Let a robot go to the office for you

Let a robot go to the office for you
Senior Minister of State Josephine Teo observing a trial of the Double Robotics interface. Photo: Angela Teng/TODAY
Published: 10:15 PM, November 28, 2016
Updated: 1:27 PM, November 29, 2016

SINGAPORE — Ms Roxanne Lu may be away from her office but she can still move around her workplace, talk to her colleagues and take part in meetings at the business services firm where she works through a robotic interface.

The 30-year-old mother of two works at 3E Accounting, which has tapped on the interface called Double Robotics to create flexibility in the workplace.

“When we first started out with the robot, I was a bit uncertain, but then I realized that it is easy to manoeuvre.
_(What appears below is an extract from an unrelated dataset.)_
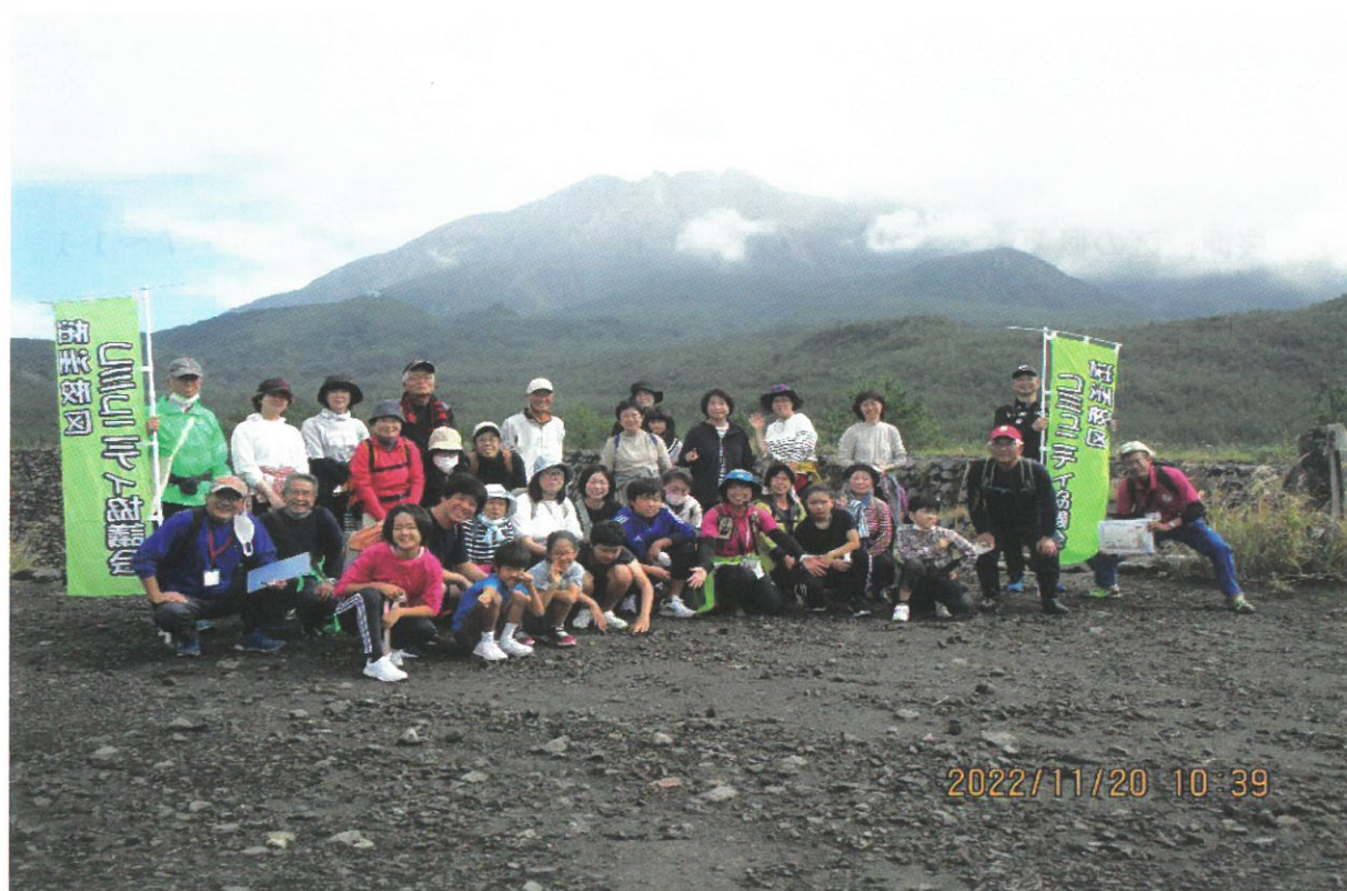
桜島探しウォーキング大会 (引ノ平川 砂防ダム施設)

When I can’t come in, I can also move around the office with the robot and I feel as if I am here. It is also easier to see and talk to everyone,” said Ms Lu, who is on maternity leave, but gave the interview via the robot.

Mr Lawrence Chai, the managing director of 3E Accounting, bought the robot in April after he learned that an accounting firm in Australia had invested in the technology to improve work-life balance for its employees. Part of the S$7,000 purchase price for the robot and an iPad that came with it was funded under the Productivity and Innovation Credit (PIC) scheme.

“We felt that it is affordable. If the investment is useful, it is worth it. The robot is part of our strategy for a flexible work arrangement for our staff and our approach to constantly keep innovating ourselves,” said Mr Chai, 31.

Investing in flexible work arrangements has paid off well for 3E Accounting, which Mr Chai and his wife set up in 2011 with a family-friendly focus from Day 1. Mr Chai said it has enjoyed high staff retention rates, improvements in productivity, as well as an increase in revenue. Average revenue per head rose to S$135,076 last year from S$92,037 a year earlier, and productivity improved to 46.76 per cent from 41.96 per cent.

It is important to focus on retaining talent as training new staff costs a lot of time and money. “Losing talent incurs costs. It is easier to invest in technology and provide a good work culture to retain the staff,” Mr Chai said.